Испытывает трасса нас морозом, одиночеством
И дарит трасса краски нам сияния полночного…
Почему-то на слуху стихи, которые ему нашептала Зина. И, они, эти немудрённые строки, его разозлили. И ещё ему припомнили горячие постельные нашептывания: "Мы же любим друг друга, Серёженька. Разве этого мало. Зачем нам много денег, а, Серёженька?"..
Тогда он промолчал. Дура стоеросовая! Деньги – это свобода. Без дензнаков ты букашка, а с деньгами – человек! Да что там говорит с бабой!?.
Мысли эти как появились в голове, так и улетучились – дорога не позволяла расслабляться! Дрэк дорога! Эта внезапная – всего на несколько дневных часов! – оттепель наделала бед. Накатаное проезжее полотно застеклянело и по нему, с черепашьей скоростью, не пытаясь обогнать друг друга, двигаются машины. Множество машин. Со взрывчаткой и цементом, кирпичом и байковыми одеялами. С шампанским и термобигудями!..Господи! Да на черта на Крайнем Севере эти термогуди-бигудики!? Брошки-вошки?! Мыльницы-пыльницы?!.

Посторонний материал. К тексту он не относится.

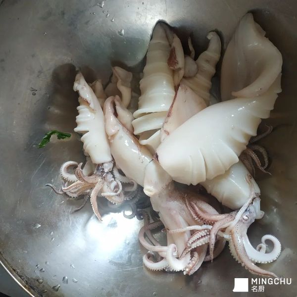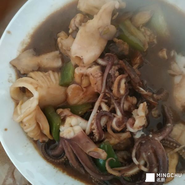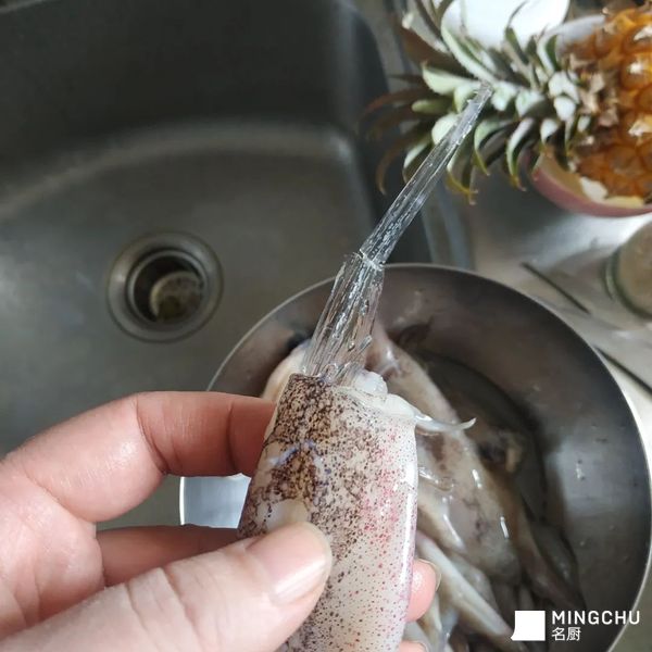 现在笔管鱼都带籽,非常好吃。抽出骨头,划刀,过水。葱油加料酒,胡椒粉,秋油,糖,锅边醋,勾芡,明油,出锅。
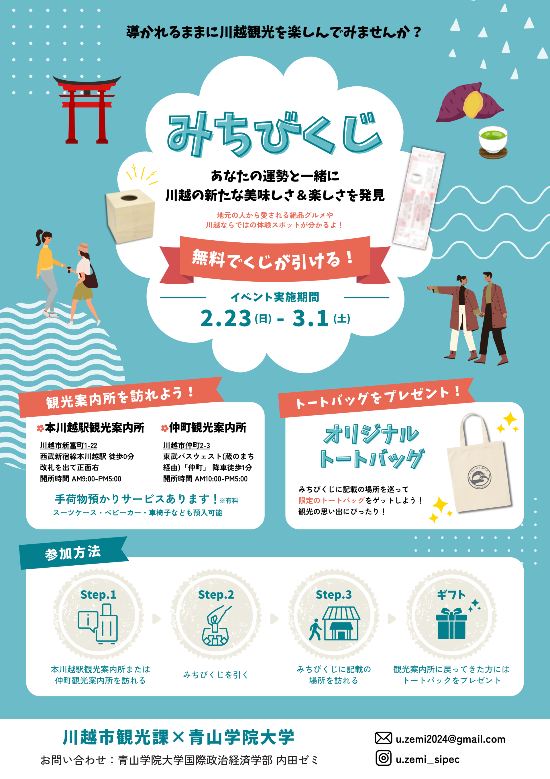 2025年2月23日(日)~3月1日(土)の期間中、国際政治経済学部 内田達也教授ゼミ(以下、内田ゼミ)が埼玉県川越市において、観光企画「みちびくじ」を実施します。内田ゼミの学生によるプロジェクトチームが考案した本企画では、本川越駅観光案内所または仲町観光案内所のいずれかを訪問された方を対象に、地元の人に愛されている穴場スポットが書かれた「みちびくじ」を通して、川越市のまだ知られていない、未知の観光地へと導きます。
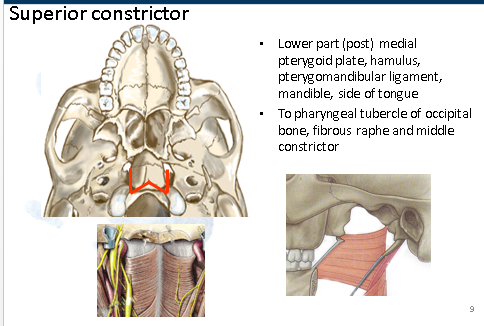 To pharyngeal tubercle of occipital bone, fibrous raphe and middle constrictor
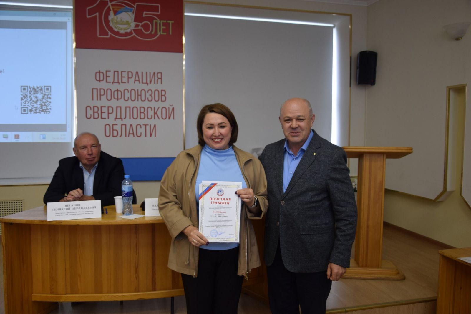 Михайлова Ольга Николаева, главный бухгалтер профсоюзной организации ПАО "Ураласбест" - Грамотой Федерации профсоюза Свердловской области;
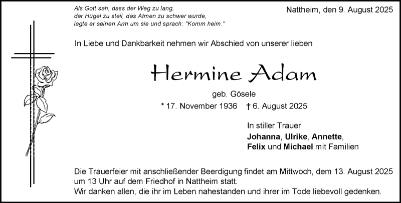 Hier finden Sie alle Traueranzeigen aus der Zeitung, die bisher für Hermine Adam erschienen sind. Weitere Traueranzeigen, die in der Zeitung erscheinen, werden hier ebenfalls aufgelistet
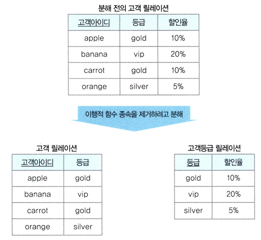 위 릴레이션은 고객아이디 -> 등급, 등급 -> 할인율의 함수 종속 관계를 유지할 수 있도록 2개의 릴레이션으로 분해하면 된다. 새로 분해된 고객 릴레이션과 고객등급 릴레이션으로 모두 제3 정규형에 속하게 된다.

Перед очередным перевалом, – до оттепели его преодолевали своим ходом! – огромная очередь машин в ожидании, когда бульдозер или трактор растормошат её, растерзают её, перетаскают поодиночке «УРАЛЫ» и «ТАТРЫ» на другую сторону перевала. А там, по билибинской трассе – шашком-шашком, почти пёхом! – но уже своим ходом до материальных и продуктовых складов. Там разгрузятся и поканают в путь обратный.
И он – Серёга Гаранин – должен сейчас пристроиться в конце очереди и ждать, ждать, ждать. Ждать до посинения, до того момента, когда бульдозерист бросит ему конец и крикнет: "Проснись, корепан! Крепи к своей фыркалке трос!"
Эта оттепель – в рот ей дышло! – выбила заработок прямо из рук, как щипач вывернула длинный рупь из кармана…
Злость, беспричинная злость, – ну почему беспричинная, причина всегда сыщется, если её поискать! – искажается красивые черты лица Сергея Гаранина. "Дурак!" – неожиданно перед его глазами «появляется» постоянно улыбающее лицо Серёжи, – Сергея Щеглова! – глядящего днём, ночью не видно! – на брачное ложе! Всякий раз, Гаранину хотелось крикнуть: "Чему лыбишься, голоштанник?! Не мог бабе даже сберкнижку сообразить! Собственный «Жигуль» был бы сейчас тут! В правом кармашке!"..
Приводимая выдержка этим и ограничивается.